** ASSIGNMENT **
Among the entries below, find the line with "WIFl madine taatch" and the line with "邀请到百合漫画 研究生院招生办丁建峰老师,来百合漫画 给考研同学做考研报考指南和政策分析指导。参加活动的还有百合漫画". Return exactly those lines and every line between them, but no pictures.

** AVAILABLE RECORDS **

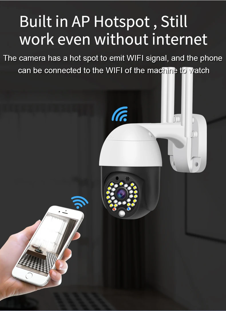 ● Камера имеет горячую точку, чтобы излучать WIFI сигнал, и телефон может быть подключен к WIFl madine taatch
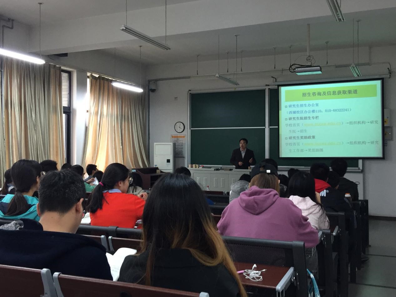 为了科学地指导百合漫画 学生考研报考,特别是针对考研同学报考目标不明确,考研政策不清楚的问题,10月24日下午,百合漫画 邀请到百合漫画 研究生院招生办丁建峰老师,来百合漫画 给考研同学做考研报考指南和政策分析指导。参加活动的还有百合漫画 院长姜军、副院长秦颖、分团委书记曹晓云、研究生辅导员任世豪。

==

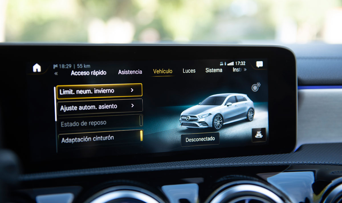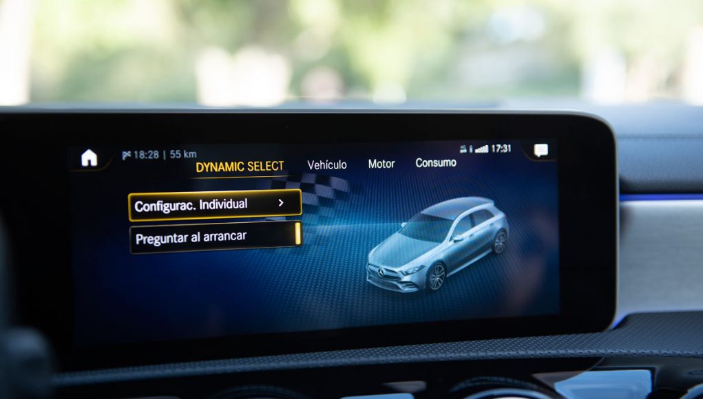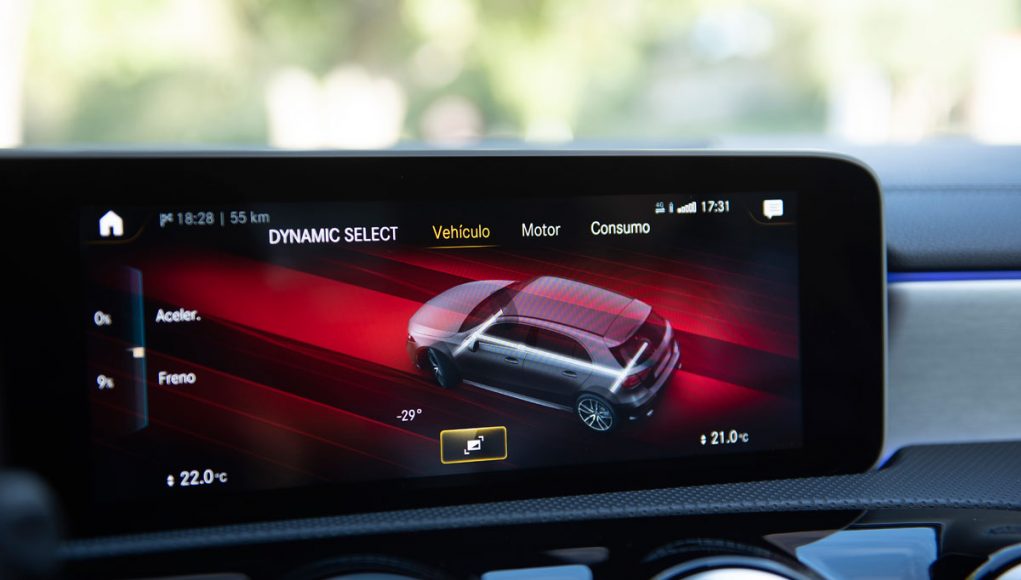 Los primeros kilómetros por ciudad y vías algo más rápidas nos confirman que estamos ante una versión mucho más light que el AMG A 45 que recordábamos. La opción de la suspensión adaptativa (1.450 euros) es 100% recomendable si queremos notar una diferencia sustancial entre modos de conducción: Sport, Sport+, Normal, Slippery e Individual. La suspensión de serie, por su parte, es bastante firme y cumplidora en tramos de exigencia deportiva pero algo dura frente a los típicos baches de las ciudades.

** ANSWER SPACE **
 ● Камера имеет горячую точку, чтобы излучать WIFI сигнал, и телефон может быть подключен к WIFl madine taatch
 为了科学地指导百合漫画 学生考研报考,特别是针对考研同学报考目标不明确,考研政策不清楚的问题,10月24日下午,百合漫画 邀请到百合漫画 研究生院招生办丁建峰老师,来百合漫画 给考研同学做考研报考指南和政策分析指导。参加活动的还有百合漫画 院长姜军、副院长秦颖、分团委书记曹晓云、研究生辅导员任世豪。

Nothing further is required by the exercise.